# PROBLEM STATEMENT
Starting with the first line of the material, reproduce exactly each line up to and including the one that contains "look at the", leaving out every picture.
________________
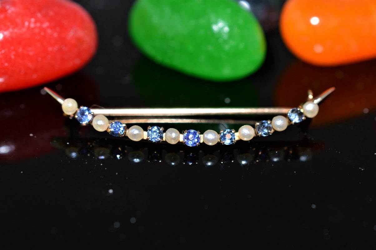 $995.00 USD10K Yellow Gold Pearl and Sapphire Crescent Brooch
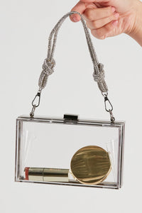 Show everyone your new favorite handbag! It features a clear box-shape design, a rhinestone handle, push-lock closure, and a detachable chain link strap. Complete the look in rhinestone heels for a social occasion!
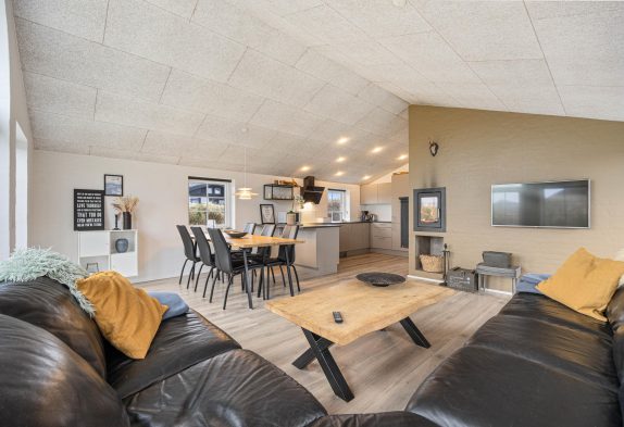 Dette skønne hus på Holdvej 9A er opført i 2017 og er både moderne og lyst indrettet. Fordelt på 93 kvadratmeteter finder i stuen der er forbundet med det åbne køkken, hvilket giver et stort rum, hvor familien kan samles om måltider og hygge. Indvendigt er det lyst og moderne med loft hele vejen til kip, hvilket giver en god rumfornemmelse. Sommerhuset indeholder også alle de faciliteter I kunne ønske jer i et sommerhus, og det er derfor perfekt til at danne rammen om en skøn ferie for hele familien i Søndervig.
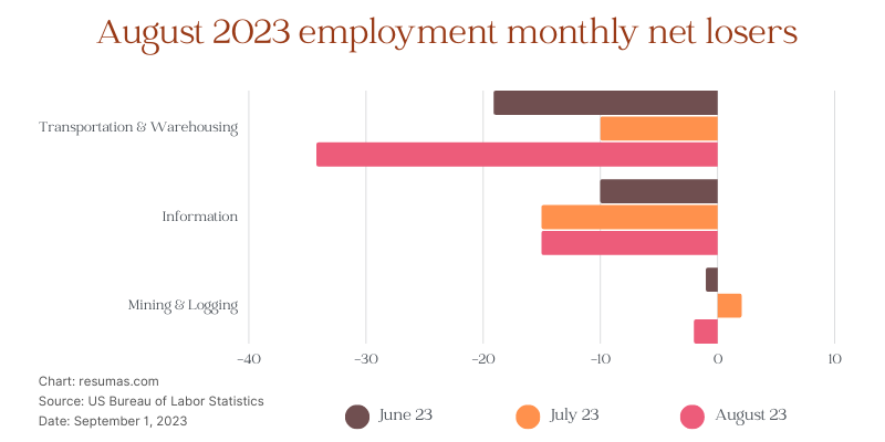 Converse to the positive growth witnessed in certain areas, the transportation and warehousing sector recorded a substantial shedding of 34,000 jobs in August due to business closures. The information sector too, faced a drawback, losing 15,000 jobs during the month.
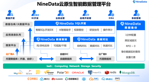 NineData是新一代的云原生智能数据管理平台,包含了数据复制、SQL开发、数据备份以及数据对比等多种功能。NineData采用领先的云原生与AIGC技术,为云与AI时代的架构设计提供了智能数据管理平台。作为业界首个支持跨云和本地IDC无缝打通的平台,能够帮助客户轻松完成数据上云、跨云数据实时传输、ETL、数据备份、企业级智能SQL开发、数据库研发规范、生产变更以及敏感数据管理等功能,从而让客户的数据使用更加安全高效。
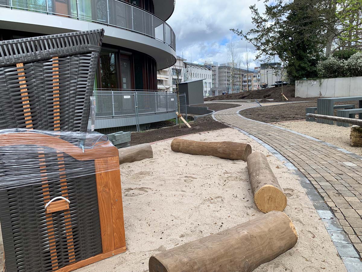 Im Juni 2023 wird der Park fertiggestellt sein. Ein Teilbereich wird bereits im Mai für die Psychosomatische Abteilung der Darmstädter Kinderkliniken freigegeben.
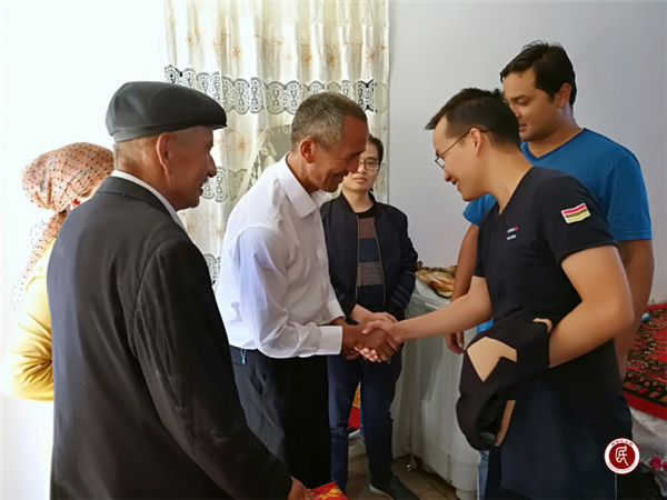 援疆医疗专家袁建靖(左一)前往慰问结对亲戚艾山·卡热木(左二),送去节日的祝福
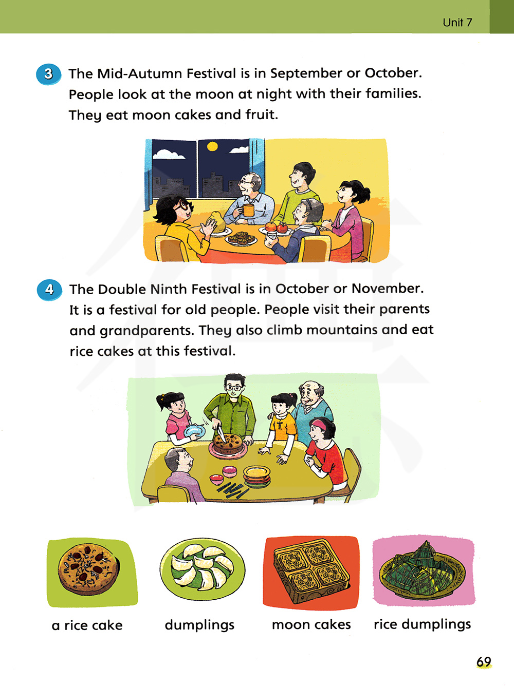 look at the moon  赏月  at night  在夜里  eat moon cake  吃月饼 Double Ninth Festival 重阳节    old people 老人
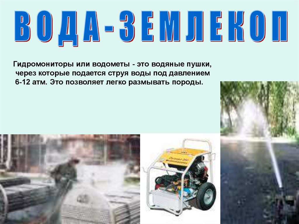 Гидромониторы или водометы - это водяные пушки,через которые подается струя воды под давлением
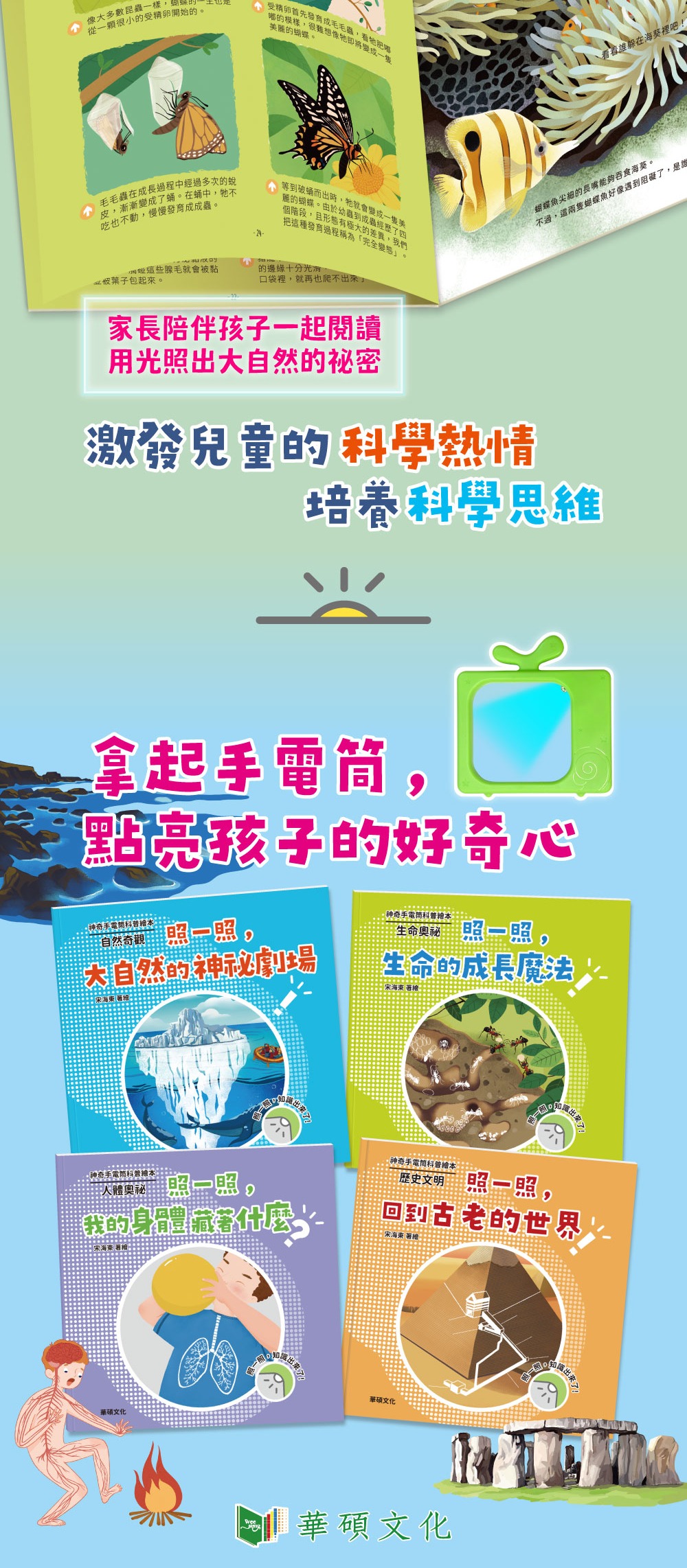 適合家長陪伴孩子一起閱讀,用光照出大自然的祕密,一起討論、觀察與發現,讓學習過程充滿驚喜與互動的樂趣。
________________
# OUTPUT OF THE EXERCISE
 $995.00 USD10K Yellow Gold Pearl and Sapphire Crescent Brooch
 Show everyone your new favorite handbag! It features a clear box-shape design, a rhinestone handle, push-lock closure, and a detachable chain link strap. Complete the look in rhinestone heels for a social occasion!
 Dette skønne hus på Holdvej 9A er opført i 2017 og er både moderne og lyst indrettet. Fordelt på 93 kvadratmeteter finder i stuen der er forbundet med det åbne køkken, hvilket giver et stort rum, hvor familien kan samles om måltider og hygge. Indvendigt er det lyst og moderne med loft hele vejen til kip, hvilket giver en god rumfornemmelse. Sommerhuset indeholder også alle de faciliteter I kunne ønske jer i et sommerhus, og det er derfor perfekt til at danne rammen om en skøn ferie for hele familien i Søndervig.
 Converse to the positive growth witnessed in certain areas, the transportation and warehousing sector recorded a substantial shedding of 34,000 jobs in August due to business closures. The information sector too, faced a drawback, losing 15,000 jobs during the month.
 NineData是新一代的云原生智能数据管理平台,包含了数据复制、SQL开发、数据备份以及数据对比等多种功能。NineData采用领先的云原生与AIGC技术,为云与AI时代的架构设计提供了智能数据管理平台。作为业界首个支持跨云和本地IDC无缝打通的平台,能够帮助客户轻松完成数据上云、跨云数据实时传输、ETL、数据备份、企业级智能SQL开发、数据库研发规范、生产变更以及敏感数据管理等功能,从而让客户的数据使用更加安全高效。
 Im Juni 2023 wird der Park fertiggestellt sein. Ein Teilbereich wird bereits im Mai für die Psychosomatische Abteilung der Darmstädter Kinderkliniken freigegeben.
 援疆医疗专家袁建靖(左一)前往慰问结对亲戚艾山·卡热木(左二),送去节日的祝福
 look at the moon  赏月  at night  在夜里  eat moon cake  吃月饼 Double Ninth Festival 重阳节    old people 老人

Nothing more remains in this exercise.